Pur non avendo a disposizione una sfera di cristallo, quando investiamo è molto importante osservare sia il passato sia il presente e le prospettive future dei nostri investimenti. Molti investitori commettono l’errore di fare attenzione solo a quanto accaduto ai rendimenti nel passato e di proiettare nel futuro tali performance. L’errore classico è quello di investire con lo specchietto retrovisore attivato, anche se tutti i prospetti avvertono che i rendimenti passati non garantiscono quelli potenzialmente ottenibili nel futuro.

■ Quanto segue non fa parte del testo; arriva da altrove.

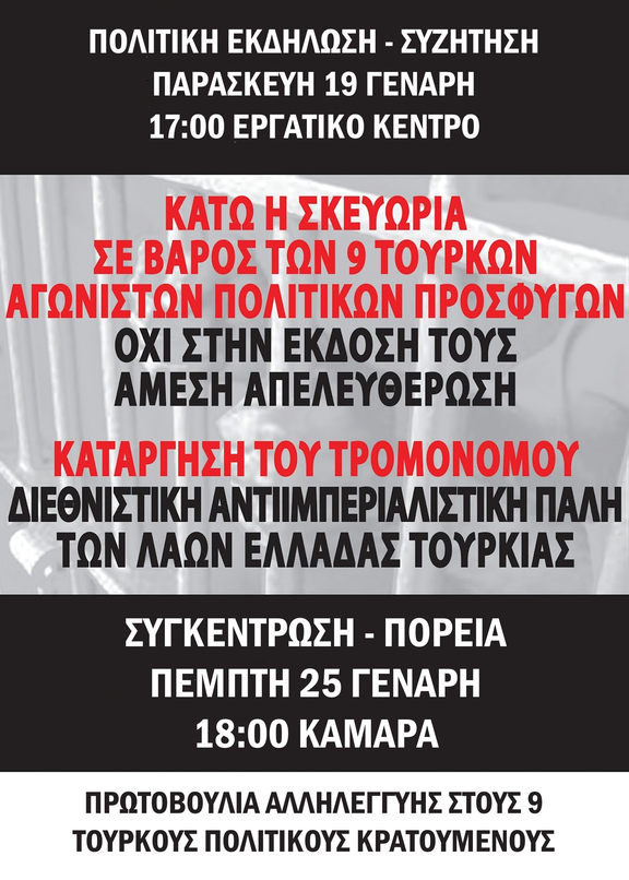 Πολιτική εκδήλωση αλληλεγγύης στους 9 αγωνιστές απ' την Τουρκία
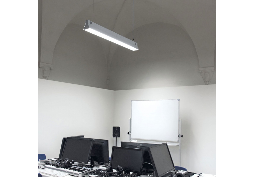 Sound von Emiliana Martinelli für Martinelli Luce entworfen, ist eine Hängeleuchte mit viereckiger Struktur aus grau lackiertem Aluminium mit dunkelgrauen Details. Die gewählte Lichtquelle ist vom integrierten dimmbaren LED-Typ.
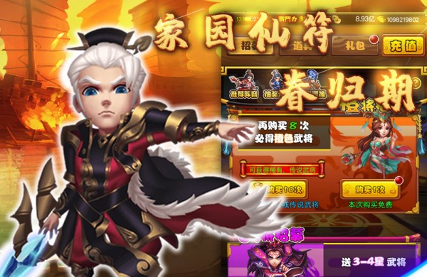 各具特色的三国名将,丰富多样的武将技能,兵种、阵形、乘骑、法宝,传奇武将觉醒转生,打造你的三国传奇武将。
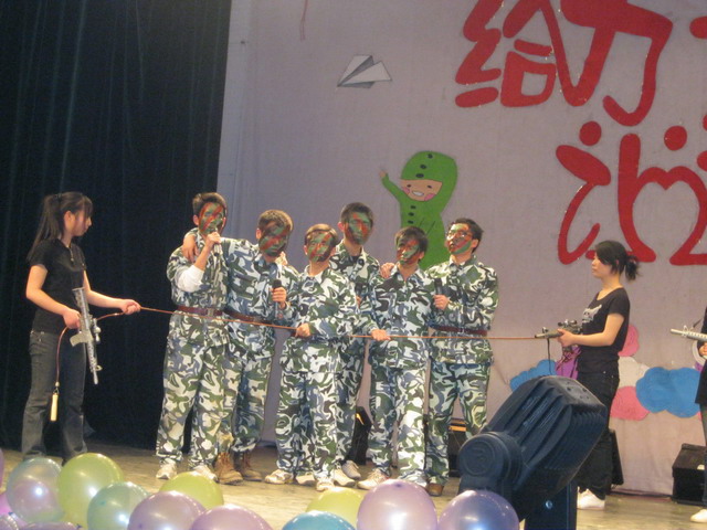 《我是特种兵》取材于去年央视热播电视剧,再现了当代人民解放军英勇抗敌,不怕牺牲,忠于祖国的英雄气概,让现场的学生无不受之鼓舞。《垓下之围》则以蒙太奇的手法,展现了项羽在乌江边上重振雄风,厚积薄发的恢弘气势,立意深远,发人深思。《十全大补汤》再现了经济飞速发展导致的日益严重的环境污染问题,警醒人们保护环境刻不容缓。《新版灰姑娘》中两位俊俏少男着一身连衣裙装,极具幽默的动作造型,出色的表演,逗乐了在场所有观众,将现场气氛推向了高潮。而《荆轲刺秦王前传》,清一色的女子,扮相却个个如矫健男儿,丝毫不输气势,令观众叹为观止。
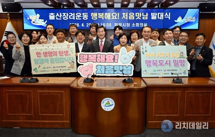 리치데일리 김상현 기자 | 경남 밀양시는 29일 시청 소회의실에서 밀양시여성단체협의회, 농협은행 밀양시지부, 밀양축산농협, 관내 소상공인 등 관계자 22명이 참석한 가운데 출산장려운동 ‘행복해요! 처음맛남’ 발대식을 개최했다.

Sebbene il futuro sia indecifrabile, è possibile dare un’occhiata ai rendimenti di lungo termine registrati in passato per osservare il comportamento dell’asset in occasione di scenari simili a quelli che stiamo vivendo. Un buon indicatore di lungo termine è offerto dal ‘ritorno in media’ degli investimenti. Se si osservano le performance registrate dai prodotti azionari e obbligazionari in passato, si nota come il ritorno in media avvenga solitamente in tempi più brevi per i veicoli obbligazionari e in tempi più lunghi per quelli azionari. Non è sempre così, ma nella maggior parte dei casi il trend è questo.
Se si parte dall’insegnamento offerto dal ritorno in media degli investimenti, in un periodo in cui la gestione attiva ha ottenuto risultati deludenti, potrebbe essere opportuno puntare proprio sul ritorno in media della ‘gestione attiva’ piuttosto che ragionare facendosi guidare dallo specchietto retrovisore e optare solo per prodotti a gestione passiva. Non dimentichiamo che in passato sono stati proprio le fasi di grande incertezza -come quella attuale- a offrire il terreno più fertile alla gestione attiva.
In base alle definizioni tradizionalmente utilizzate dagli esperti, l’industria considera una strategia passiva quella che ha come obiettivo la replica più fedele possibile dell’andamento di un indice -azionario o obbligazionario- sia di tipo attivo sia di tipo passivo. Al contrario, una strategia di gestione attiva ha come obiettivo il conseguimento di un rendimento superiore, nel medio-lungo termine, a quella degli indici di riferimento, grazie alla bravura e all’esperienza del team che si occupa della gestione.
Negli ultimi anni, il dibattito tra gestione attiva e passiva ha preso piede in scia ai risultati non proprio brillanti conseguiti dai fondi comuni d’investimento a gestione attiva che, al netto dell’insieme dei costi associati alla gestione di ogni singolo prodotto, non sono riusciti, nella maggior parte dei casi, a fare meglio dei rispettivi indici di riferimento.
La mancanza di risultati positivi conseguiti dalla maggioranza dei veicoli a gestione attiva, ha coinciso con l’ascesa dei prodotti a gestione passiva. Stando ai dati raccolti ed elaborati da BlackRock, l’industria della gestione passiva cresce a tassi annualizzati del 20% in termini di asset under management. Il dato apporta una pressione addizionale sull’industria dei prodotti a gestione attiva, che ha sperimentato una graduale diminuzione della quota di mercato.